Internationally, shit is still all fucked up with Europe’s economy sinking like Angela Merkel’s neckline before a night out with the Bundestag and all investors can do is hope to grab on to some floatation devices to avoid sinking. Spain and their banking system are sparking fears today with regional bank Cajasur having been bailed out yesterday and who knows what to be bailed out tomorrow leaving Spain’s banking system under more fire than the Spanish Armada at Gravelines in 1588. There is real fear that insolvency could spread like herpes in the Kardashian family and if that happens, not even extra strength Valtrex will be able to save the Europe’s economy. Of course today, North Korea has slapped their tiny penises (or is it peni? Can someone exhume William Safire and ask him?) on the table to take part in the global cock off to see who can fuck shit up the most. After South Korea finally picked out the right stationary and calligrapher, they formally accused North Korea of sinking one of their warships in an incident that happened back in March. South Korea also relisted North Korea as their “principal enemy” knocking forks, Don Rickles, and Yonggary down on their list. In return, North Korea has suspended any interaction with their neighbors to the South, banned South Korean ships from territorial waters and air space, and taken out an ad in the Rodong Sinmun calling South Korea a bunch of “chodes.” While this is not good news, Money McBags could give a shit if North and South Korea want to go to war, stop talking with each other, or have a fucking pillow fight. What Money McBags cares about is the markets and as long as this threat of war doesn’t stop sweat shops in Seoul from banging out willy warmers, he will blissfully ignore this hissy fit and assume everything will get better.

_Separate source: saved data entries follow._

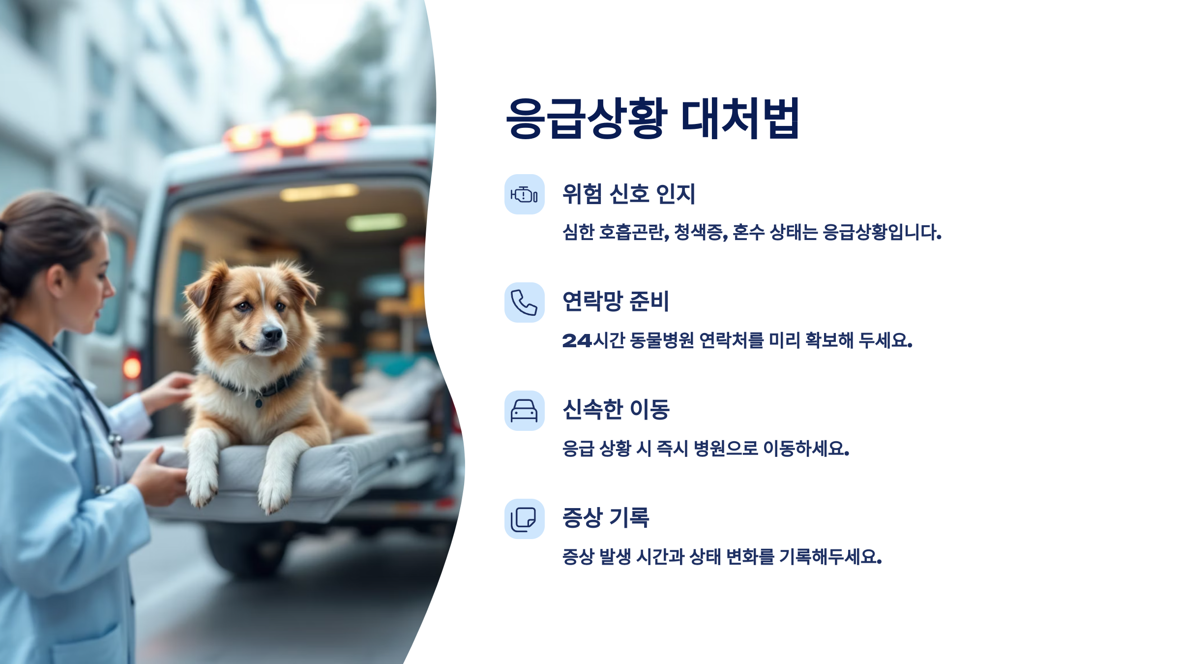 심장사상충 치료 과정에서 발생할 수 있는 응급상황을 미리 알아두고 대처 방법을 숙지하는 것이 매우 중요해요. 가장 위험한 응급상황은 폐색전증으로, 죽은 성충이 폐혈관을 막으면서 발생해요. 주요 증상으로는 갑작스러운 심한 호흡곤란, 지속적인 거친 기침, 혈담, 창백한 잇몸, 의식 잃음, 쓰러짐 등이 있어요. 이런 증상이 나타나면 즉시 가장 가까운 응급 동물병원으로 이송해야 해요. 이송 중에는 반려동물을 흥분시키지 않도록 조용히 하고, 머리를 약간 높게 해서 호흡을 돕도록 해주세요.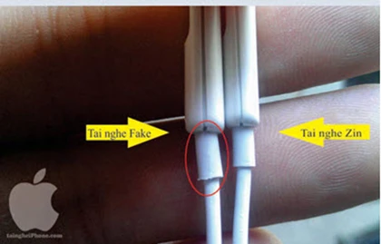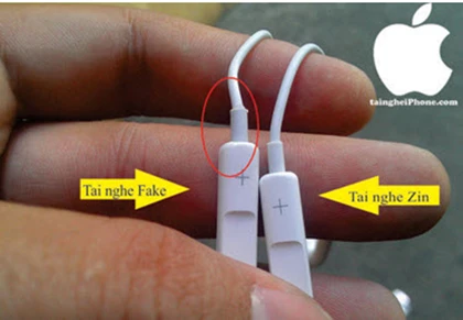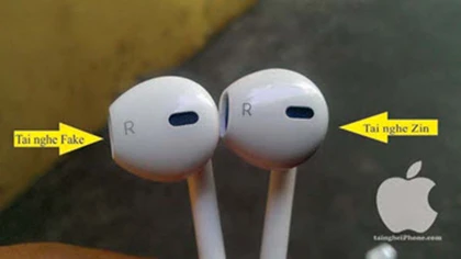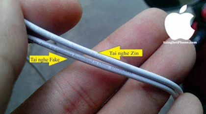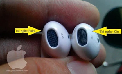 Hàng chữ Designed by Apple in California, Assembled in China. trên tai nghe zin in mờ nhưng rất sắc nét, cạo không ra, còn trên tai nghe fake in rõ nhưng cạo sẽ mất.
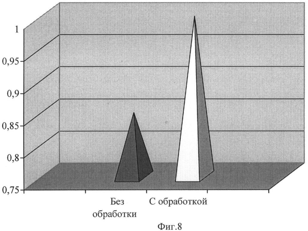 На фиг.8 – значения теплового эффекта, полученные в мобильном тепловом пункте без предварительной обработки жидкости на входе и при неоптимальных параметрах элементов пункта и в мобильном тепловом пункте с предварительной обработкой жидкости на входе и при оптимальных параметрах элементов пункта.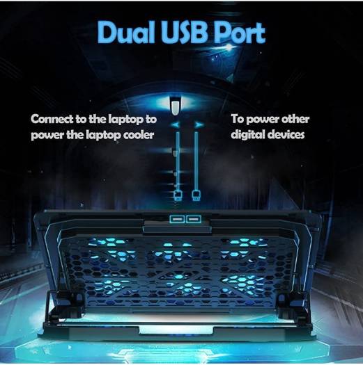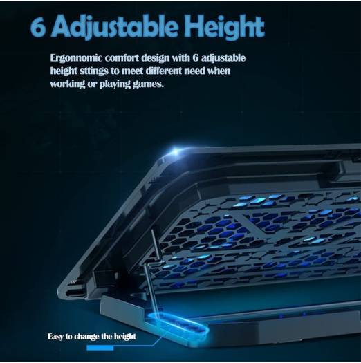 Super Laptop Cooling Fans – Necomi laptop cooling pad with the mesh design and the 6 fans spinning at speed 4500 RPM, the wind can be adjusted at 1600-2500 speed, greatly dissipate the heat from the laptop, enable it in good working condition, and prolong the lifespan of your laptop. Quiet Fan -The 6 fans of the laptop cooling stand are all added with capacitor components to reduce working noise. At the same time, the fan speed will not reduced, and no annoying noise. Suitable for work during the day and sleep at night. 6 Adjustable Stand heights & Ergonomic Comfort – Metal bar for ergonomic design at the bottom provides elevation mechanism, 6 adjustable stand heights which you can choose the most comfortable for you, helping to relieves neck pain caused by prolonged computer use and incorrect posture.A flip-up high quality grip at the bottom of the laptop cooler surface keeps your laptop from sliding off when it is elevated Dual USB Ports – Laptop cooling stand just plug in the USB port of your laptop to use. Equipped two USB 2.0 ports for data transmission or connecting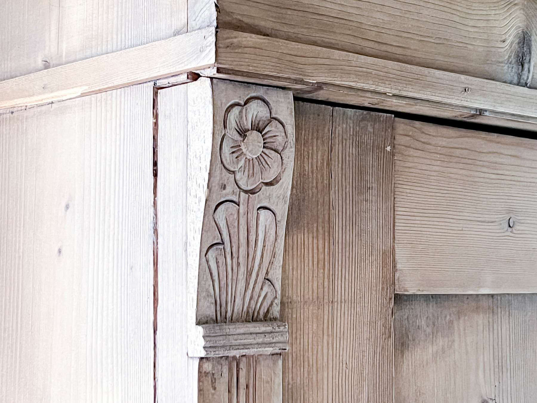 The large cornice gracefully crowns the piece, leading the eye to the double doors adorned with beautifully carved floral medallions. Practicality meets elegance with the inclusion of a spacious lower drawer, all resting on bun-style feet.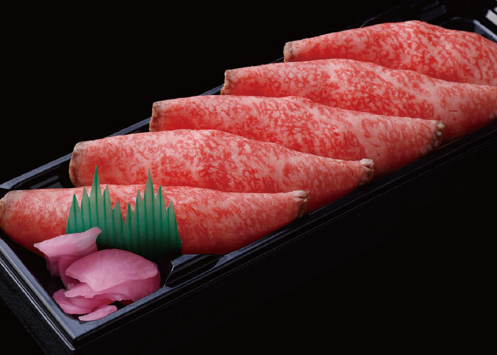 黒毛和牛A5ランクのとろけるローストビーフを握り寿司でお楽しみください。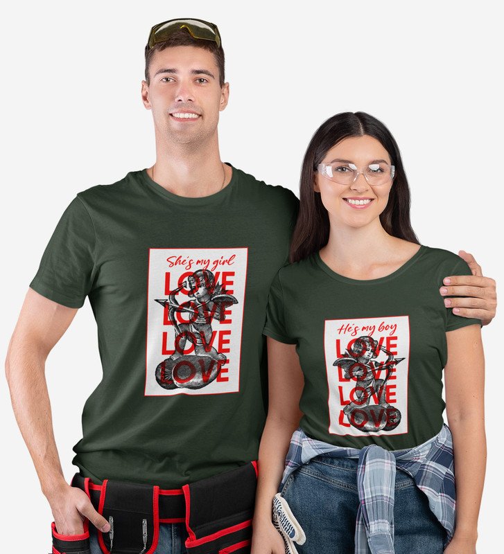 He's My Boy/She's My Girl Printed Couple (green) T-shirts For Couples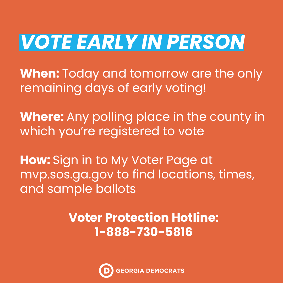 2 DAYS LEFT of early voting. Don’t delay, vote NOW. Go to http://mpv.sos.ga.gov to find polling places and hours, and call our voter protection hotline at 1-888-730-5816 if you need help.pic.twitter.com/E9dCPX5r7L

In stock news, GS is about the only thing up big today as investors fly to the safety of the US government. Other financials continue to trade down as new legislation may require them to raise more reserves. spin off their profitable derivatives desks, and stop being such dicks. In other stocks, DELL announced plans for an iPad rival which they are tentatively calling “failure” and Microsoft announced a management shake-up with the head of their entertainment division “retiring,” no doubt to spend more time with his Zune. With MSFT lagging Apple, Google, Nintendo, and the abacus in developing consumer products people actually want to buy, hiring someone with vision is going to be key for MSFT to grow back to a market leader. Finally Autozone is up 5% today after reporting numbers better than estimates due to new store openings and higher demand for auto parts. They expect continued strong demand for replacement parts as fewer people are buying new cars since it’s not necessary to drive to one’s living room which is where 20MM people now work.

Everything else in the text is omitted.